[Opening RECORDS TO PROCESS section]
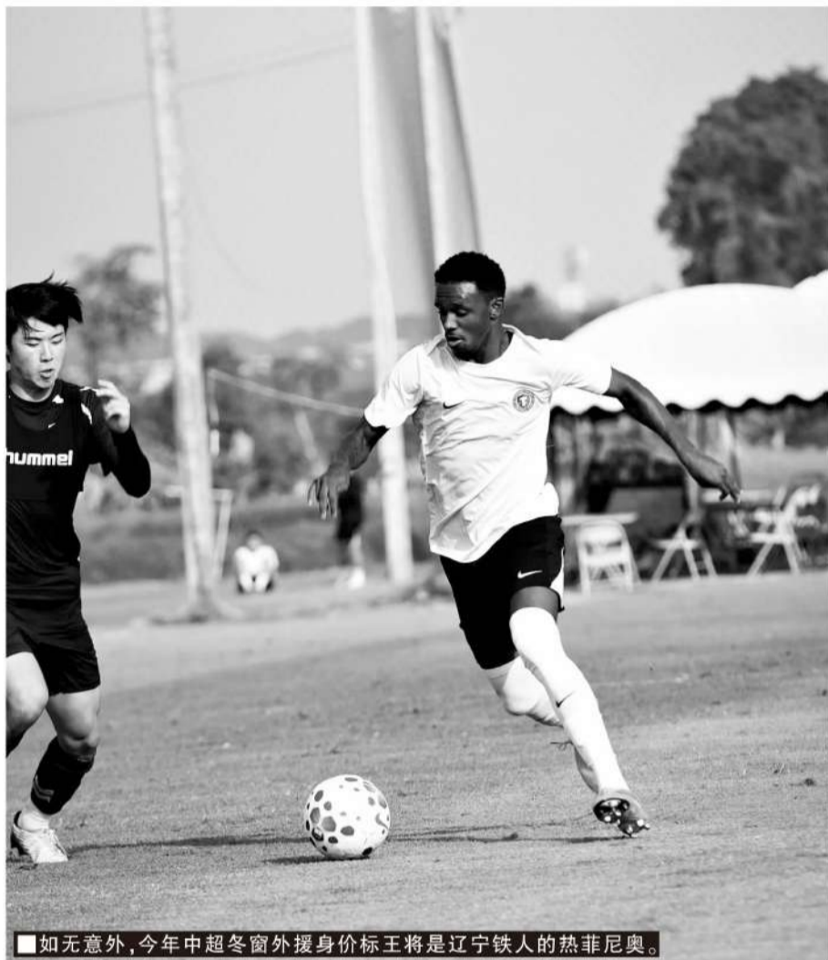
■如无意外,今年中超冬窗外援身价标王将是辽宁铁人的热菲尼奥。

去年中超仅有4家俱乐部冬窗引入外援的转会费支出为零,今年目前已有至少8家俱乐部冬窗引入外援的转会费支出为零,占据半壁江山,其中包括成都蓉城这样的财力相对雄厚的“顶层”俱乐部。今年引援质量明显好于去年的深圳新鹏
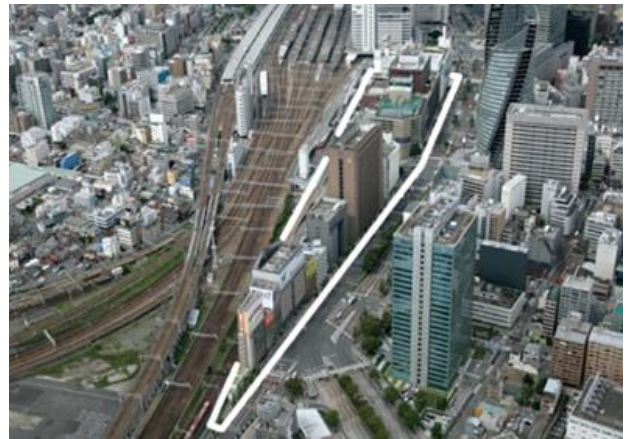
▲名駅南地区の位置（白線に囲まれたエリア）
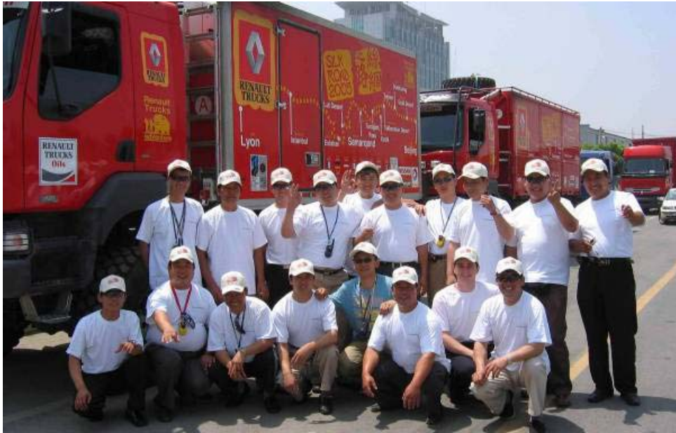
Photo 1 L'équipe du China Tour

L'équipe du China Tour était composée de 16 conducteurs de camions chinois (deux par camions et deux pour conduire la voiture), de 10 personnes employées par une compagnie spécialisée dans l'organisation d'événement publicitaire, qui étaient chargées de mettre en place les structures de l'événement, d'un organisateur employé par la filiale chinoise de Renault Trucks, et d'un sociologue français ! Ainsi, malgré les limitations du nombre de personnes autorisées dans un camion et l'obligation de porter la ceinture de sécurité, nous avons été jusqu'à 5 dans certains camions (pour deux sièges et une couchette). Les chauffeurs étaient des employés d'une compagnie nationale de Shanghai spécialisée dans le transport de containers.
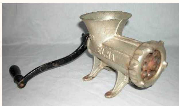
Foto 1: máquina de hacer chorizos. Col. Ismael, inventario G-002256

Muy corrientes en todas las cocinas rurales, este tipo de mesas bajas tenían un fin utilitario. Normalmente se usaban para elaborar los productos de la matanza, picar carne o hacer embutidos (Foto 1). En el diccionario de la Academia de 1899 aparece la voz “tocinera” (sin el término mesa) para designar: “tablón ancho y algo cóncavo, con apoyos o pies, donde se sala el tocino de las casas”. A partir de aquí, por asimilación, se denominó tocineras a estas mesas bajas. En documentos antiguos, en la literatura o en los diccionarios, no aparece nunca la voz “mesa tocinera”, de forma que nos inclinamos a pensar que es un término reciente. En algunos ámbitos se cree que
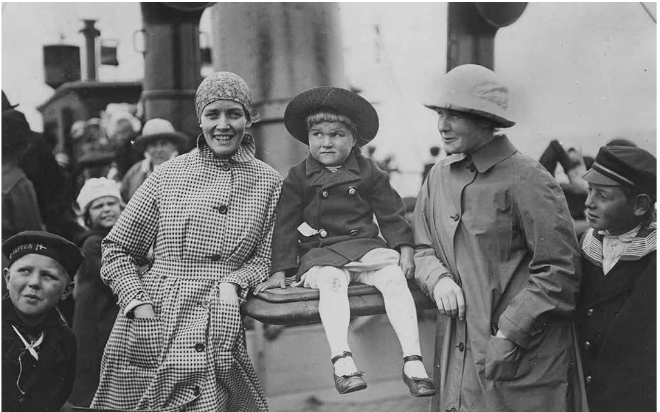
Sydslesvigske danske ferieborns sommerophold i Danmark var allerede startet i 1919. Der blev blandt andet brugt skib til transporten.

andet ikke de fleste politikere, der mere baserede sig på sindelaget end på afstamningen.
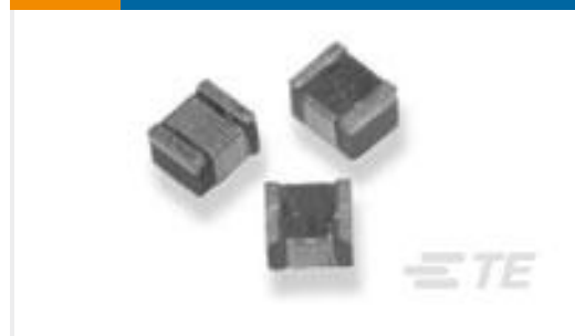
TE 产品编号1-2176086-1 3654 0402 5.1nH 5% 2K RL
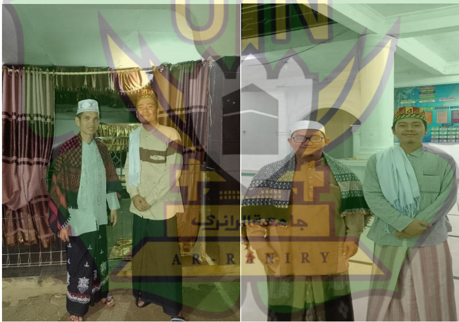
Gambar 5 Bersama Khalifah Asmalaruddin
[Closing RECORDS TO PROCESS section]
[Opening RECORDS TO PROCESS section]
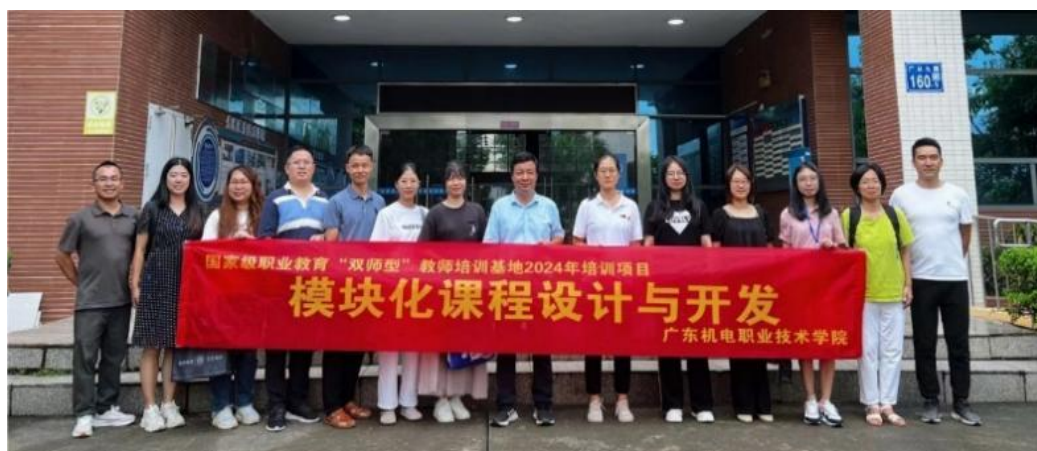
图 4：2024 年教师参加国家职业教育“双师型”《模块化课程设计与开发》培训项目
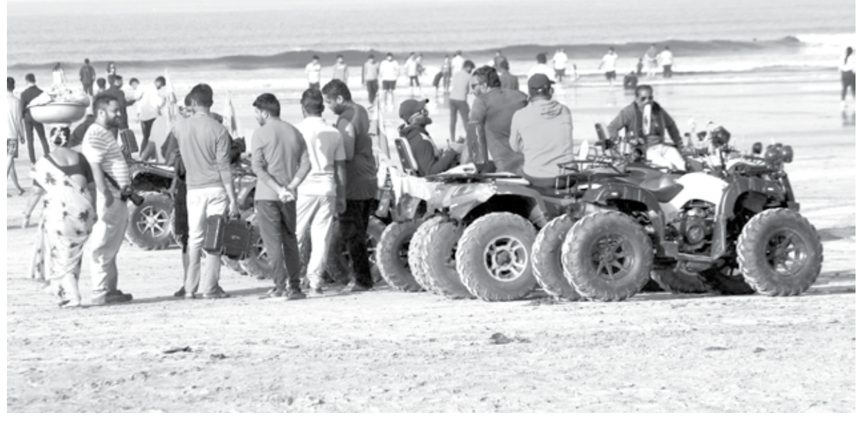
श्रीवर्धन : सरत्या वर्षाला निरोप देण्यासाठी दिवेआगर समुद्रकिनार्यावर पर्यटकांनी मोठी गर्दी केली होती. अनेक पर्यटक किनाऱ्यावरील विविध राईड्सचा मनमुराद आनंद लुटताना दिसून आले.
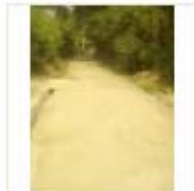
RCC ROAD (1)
[Closing RECORDS TO PROCESS section]
TASK REQUIREMENTS
In the entries above, tally the lines that include the string "équipe". Give the figure only.

RESULT OF THE EXERCISE
2